■ **AIM OF THE TASK**:
Except for the pictures, write out all the records that follow exactly.

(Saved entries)
· · · ·
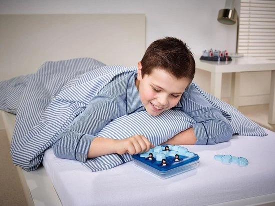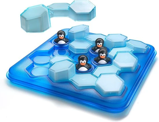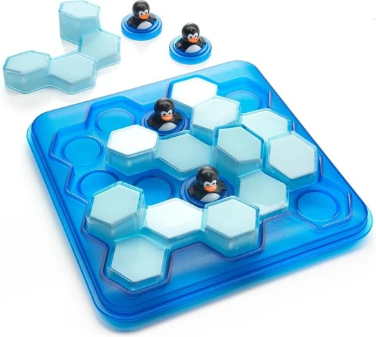 Het spelbord kan je tevens gebruiken als opbergvak voor de puzzelstukken. Handig voor op reis, met een stevig, transparant deksel. Met de zeshoekige puzzelstukken is dit weer een heel ander spel dan Penguins on Ice.
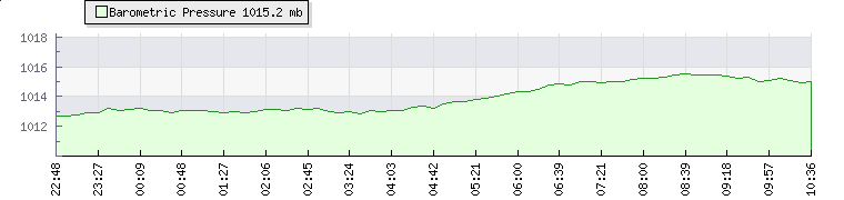 | Wind Speed: | 9|15|20 kmh | Wind Direction: | ESE 115° | Temperature: | 21.9°C | | Wet Bulb: | 18.1°C | Discomfort: | 83 | Humidity: | 71% | | Rainfall Today: | 0mm | 12 hrs Rainfall: | 0mm | 24 hrs Rainfall: | 0mm | | Barometer: | 1015.6mb | Dew Point: | 16.4°C | Clouds AGL: | 2201ft (671 m) | | Density-Alt: | 6499ft (1981 m) | Solar Radiation: | 182Wm² | Fire Danger: | |
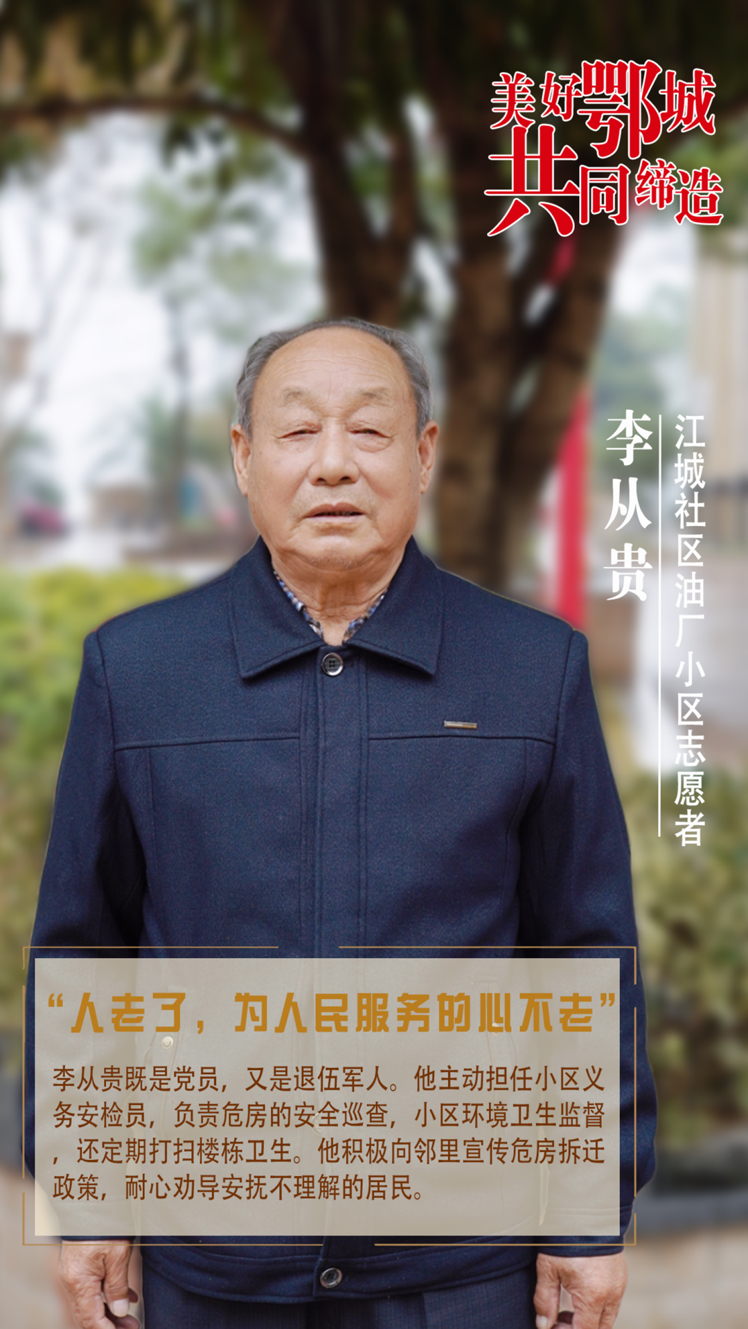 李從貴既是黨員,又是退伍軍人。他主動擔(dān)任小區(qū)義務(wù)安檢員,負責(zé)危房的安全巡查,小區(qū)環(huán)境衛(wèi)生監(jiān)督,還定期打掃樓棟衛(wèi)生。他積極向鄰里宣傳危房拆遷政策,耐心勸導(dǎo)安撫不理解的居民。
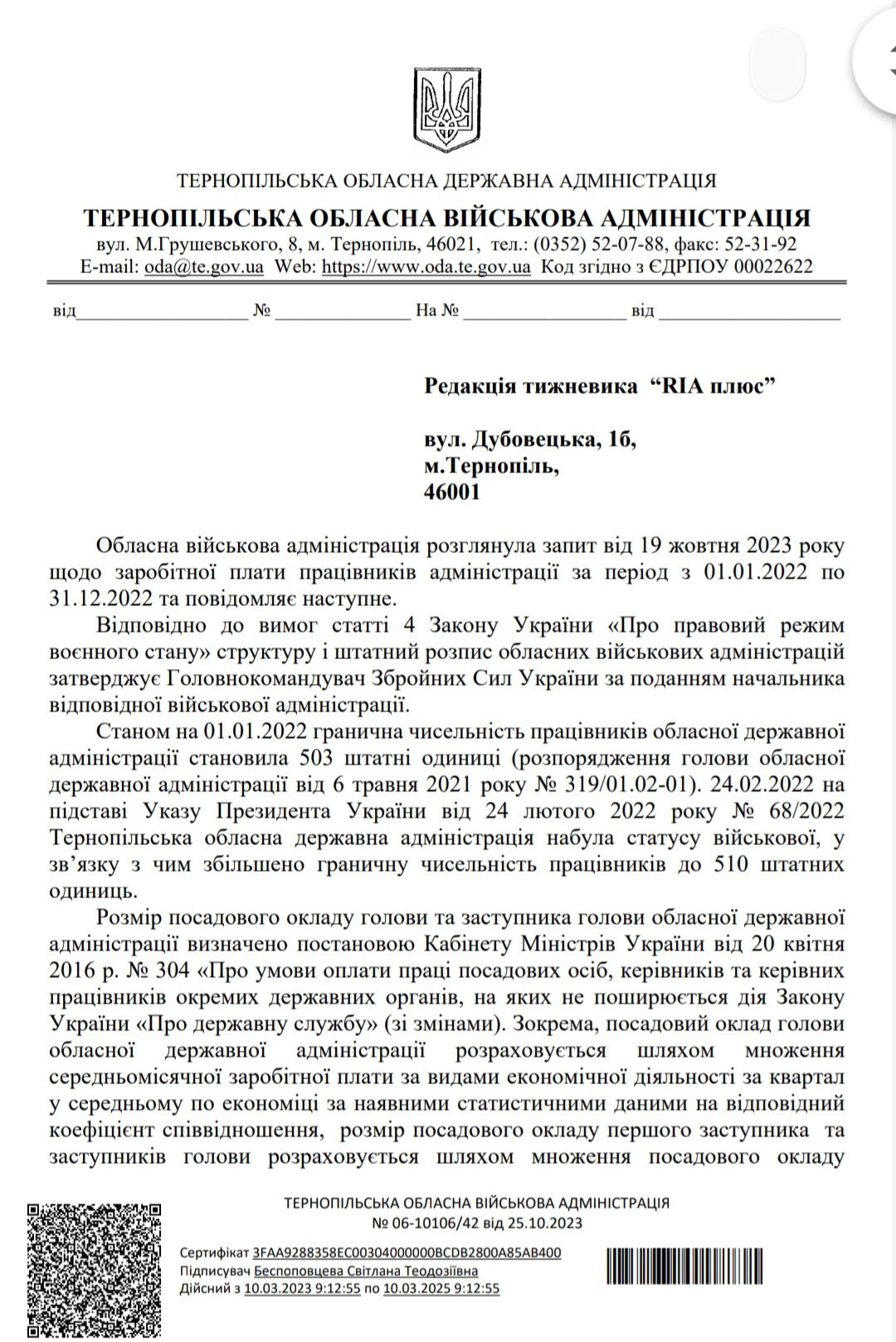 Натомість офіційна відповідь від Тернопільської обласної військової адміністрації вже надходила 12 жовтня. У листі наше прохання про надання інформації, вважаємо, проігнорували! Ми отримали формальну відписку про те, якими документами, відповідно до законодавства, встановлені розміри посадових окладів працівників адміністрації, а також звідки фінансуються видатки на оплату їх праці.
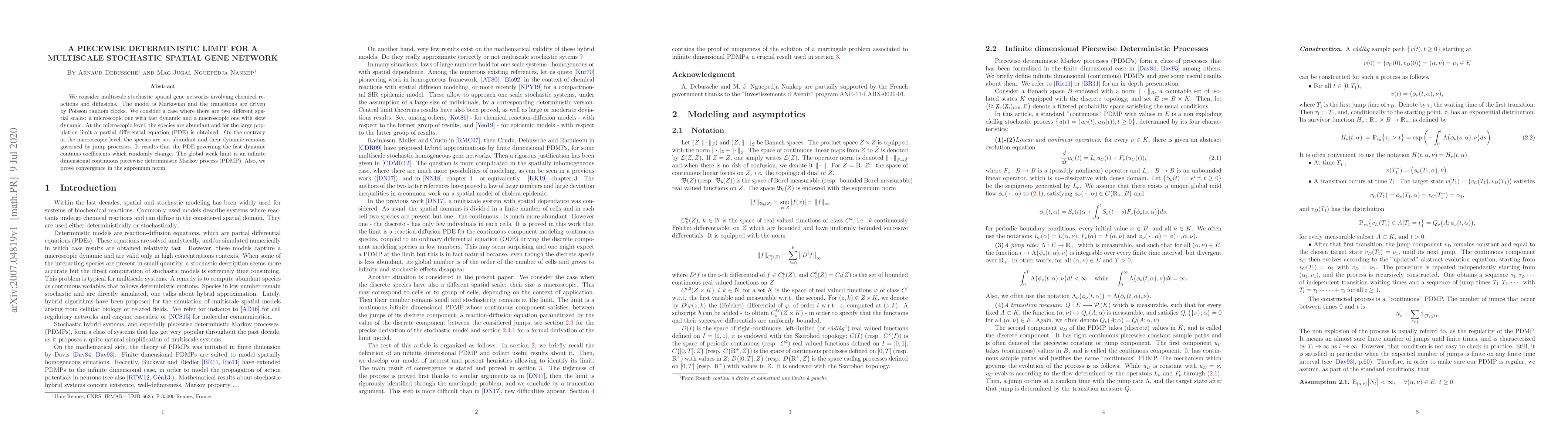 We consider multiscale stochastic spatial gene networks involving chemical reactions and diffusions. The model is Markovian and the transitions are driven by Poisson random clocks. We consider a case where there are two different spatial scales: a microscopic one with fast dynamic and a macroscopic one with slow dynamic. At the microscopic level, the species are abundant and for the large population limit a partial differential equation (PDE) is obtained. On the contrary at the macroscopic level, the species are not abundant and their dynamic remains governed by jump processes. It results that the PDE governing the fast dynamic contains coefficients which randomly change. The global weak limit is an infinite dimensional continuous piecewise deterministic Markov process (PDMP). Also, we prove convergence in the supremum norm.
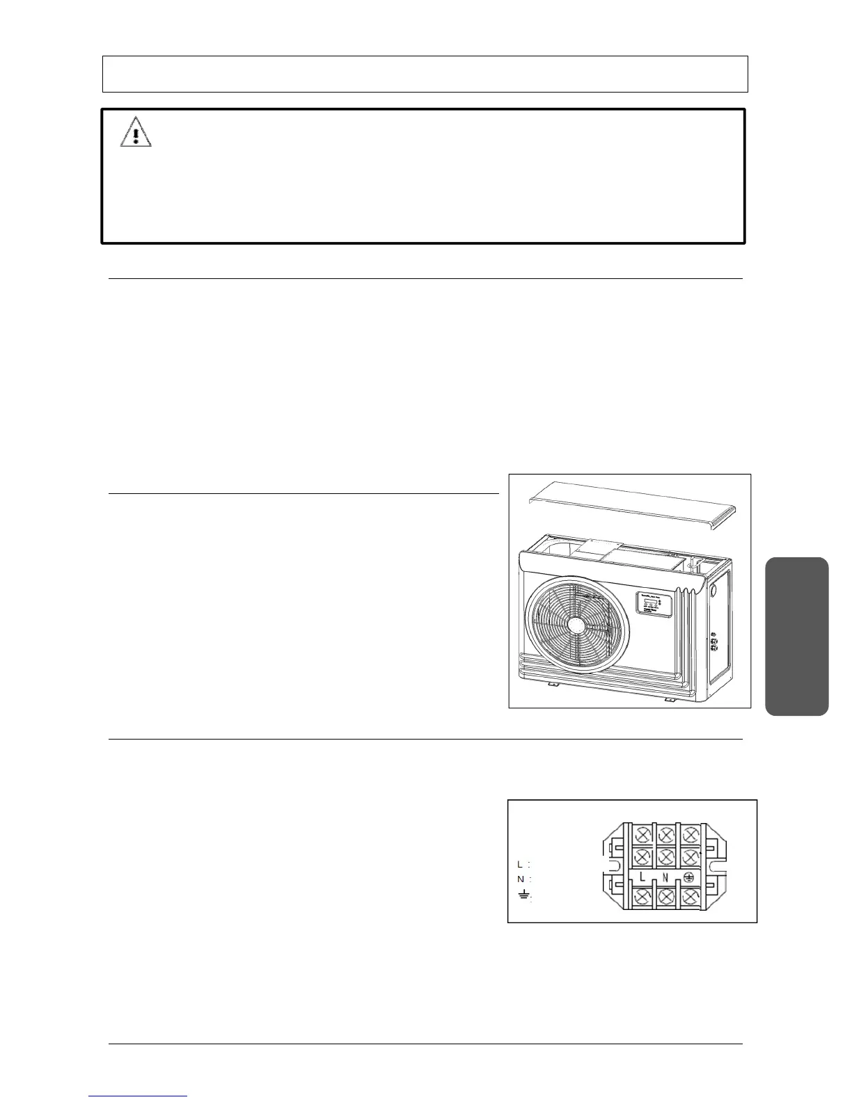Deze warmtepomp is voorzien van bedrading waar hoge spanningen doorheen vloeien. Contact met deze draden
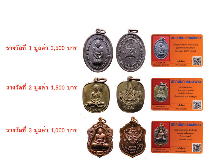 - เพื่อแทนคำขอบคุณนี้ ทางเว็บไซต์ฯ ขอมอบพระเครื่องพร้อมบัตรรับรอง QR Code จำนวน 3 รางวัลประจำเดือนสิงหาคม 64 นี้ให้กับท่านสมาชิกฯ โดยทางเว็บไซต์ฯจะจับสลากจากรายชื่อท่านสมาชิกพัฒนาเว็บไซต์ฯทุกท่าน ในวันเสาร์ที่ 7 สิงหาคม 64 เวลา 16.00 น. และจะประกาศรายชื่อผู้ได้รับรางวัล ที่หน้าเว็บไซต์ฯในวันจันทร์ที่ 9 สิงหาคม 64 โดยท่านสมาชิกสามารถรับรางวัลได้ที่สถาบันการันตีพระ ชั้น 5 หรือ แจ้งให้จัดส่งทางไปรษณีย์ได้ทางไลน์แอดที่ @g-pra.payment (24 ชั่วโมง) หรือโทรแจ้งที่เบอร์โทร 02-551-2086 ( ค่าจัดส่ง 100 บาท )
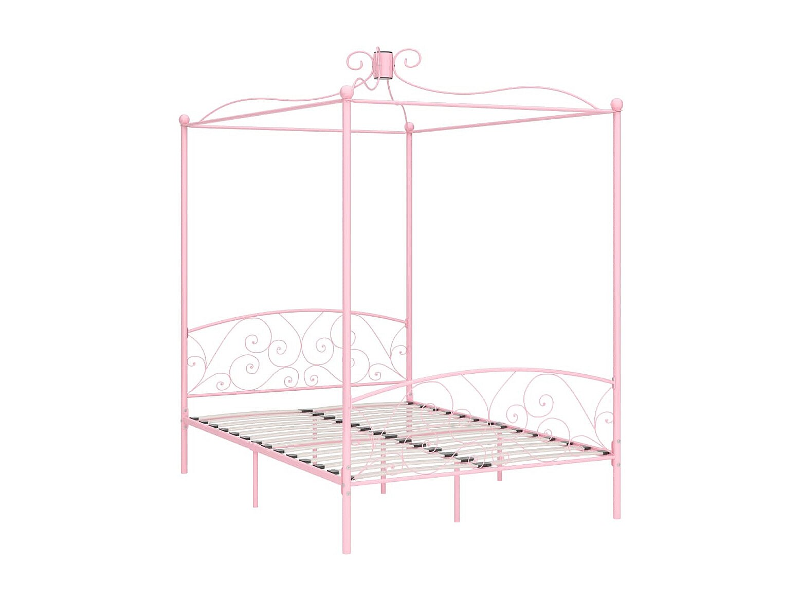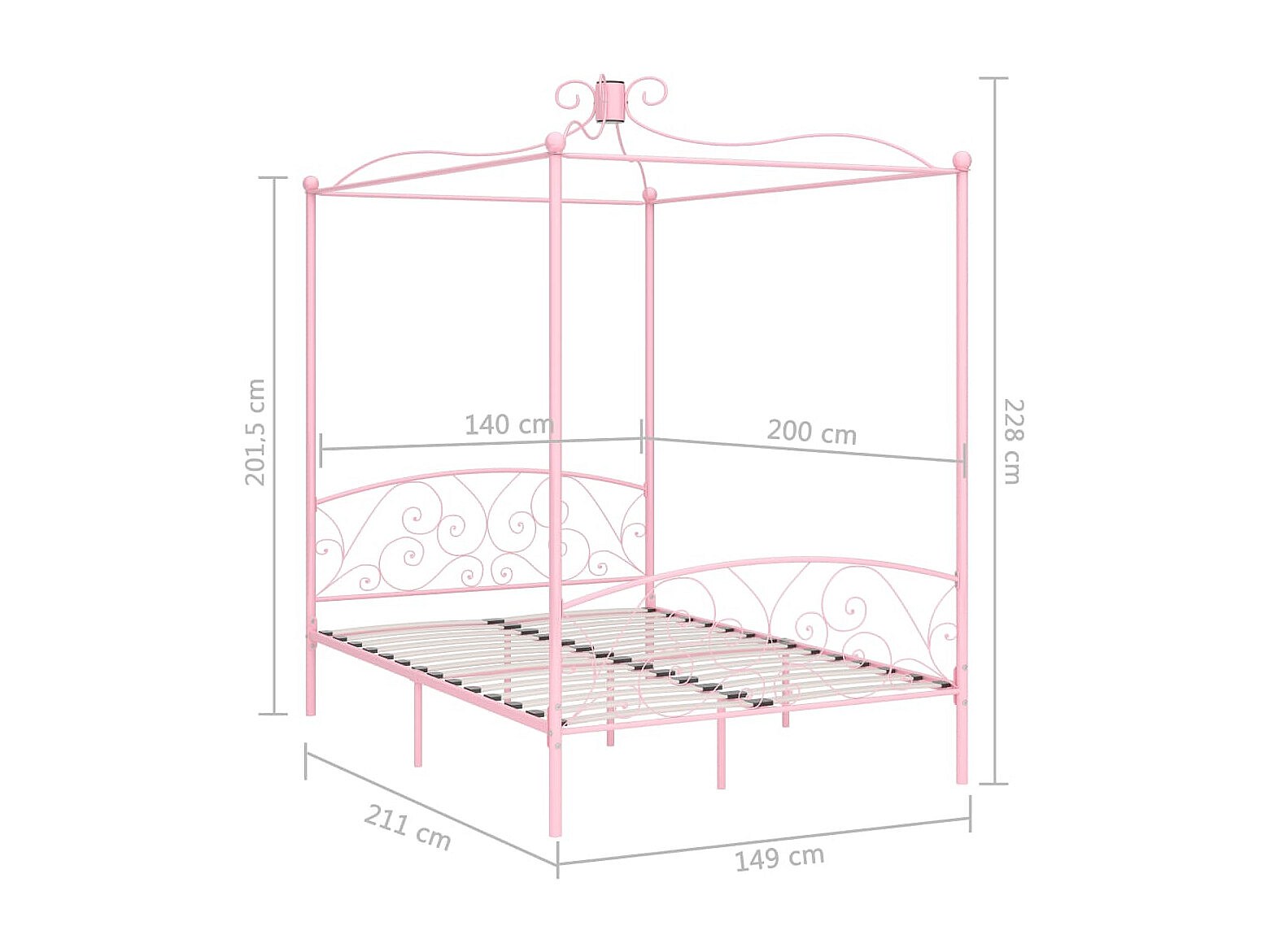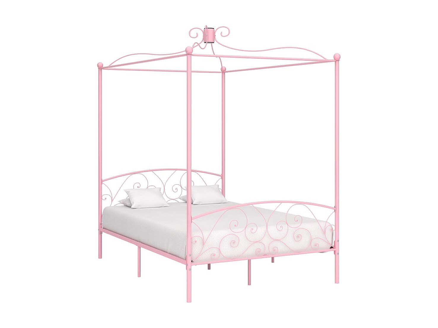 Cadre de lit à baldaquin sans matelas rose métal 140x200 cm
· · · ·
■ **WRITTEN ANSWER**:
 Het spelbord kan je tevens gebruiken als opbergvak voor de puzzelstukken. Handig voor op reis, met een stevig, transparant deksel. Met de zeshoekige puzzelstukken is dit weer een heel ander spel dan Penguins on Ice.
 | Wind Speed: | 9|15|20 kmh | Wind Direction: | ESE 115° | Temperature: | 21.9°C | | Wet Bulb: | 18.1°C | Discomfort: | 83 | Humidity: | 71% | | Rainfall Today: | 0mm | 12 hrs Rainfall: | 0mm | 24 hrs Rainfall: | 0mm | | Barometer: | 1015.6mb | Dew Point: | 16.4°C | Clouds AGL: | 2201ft (671 m) | | Density-Alt: | 6499ft (1981 m) | Solar Radiation: | 182Wm² | Fire Danger: | |
 李從貴既是黨員,又是退伍軍人。他主動擔(dān)任小區(qū)義務(wù)安檢員,負責(zé)危房的安全巡查,小區(qū)環(huán)境衛(wèi)生監(jiān)督,還定期打掃樓棟衛(wèi)生。他積極向鄰里宣傳危房拆遷政策,耐心勸導(dǎo)安撫不理解的居民。
 Натомість офіційна відповідь від Тернопільської обласної військової адміністрації вже надходила 12 жовтня. У листі наше прохання про надання інформації, вважаємо, проігнорували! Ми отримали формальну відписку про те, якими документами, відповідно до законодавства, встановлені розміри посадових окладів працівників адміністрації, а також звідки фінансуються видатки на оплату їх праці.
 We consider multiscale stochastic spatial gene networks involving chemical reactions and diffusions. The model is Markovian and the transitions are driven by Poisson random clocks. We consider a case where there are two different spatial scales: a microscopic one with fast dynamic and a macroscopic one with slow dynamic. At the microscopic level, the species are abundant and for the large population limit a partial differential equation (PDE) is obtained. On the contrary at the macroscopic level, the species are not abundant and their dynamic remains governed by jump processes. It results that the PDE governing the fast dynamic contains coefficients which randomly change. The global weak limit is an infinite dimensional continuous piecewise deterministic Markov process (PDMP). Also, we prove convergence in the supremum norm.
Deze warmtepomp is voorzien van bedrading waar hoge spanningen doorheen vloeien. Contact met deze draden
 - เพื่อแทนคำขอบคุณนี้ ทางเว็บไซต์ฯ ขอมอบพระเครื่องพร้อมบัตรรับรอง QR Code จำนวน 3 รางวัลประจำเดือนสิงหาคม 64 นี้ให้กับท่านสมาชิกฯ โดยทางเว็บไซต์ฯจะจับสลากจากรายชื่อท่านสมาชิกพัฒนาเว็บไซต์ฯทุกท่าน ในวันเสาร์ที่ 7 สิงหาคม 64 เวลา 16.00 น. และจะประกาศรายชื่อผู้ได้รับรางวัล ที่หน้าเว็บไซต์ฯในวันจันทร์ที่ 9 สิงหาคม 64 โดยท่านสมาชิกสามารถรับรางวัลได้ที่สถาบันการันตีพระ ชั้น 5 หรือ แจ้งให้จัดส่งทางไปรษณีย์ได้ทางไลน์แอดที่ @g-pra.payment (24 ชั่วโมง) หรือโทรแจ้งที่เบอร์โทร 02-551-2086 ( ค่าจัดส่ง 100 บาท )
 Cadre de lit à baldaquin sans matelas rose métal 140x200 cm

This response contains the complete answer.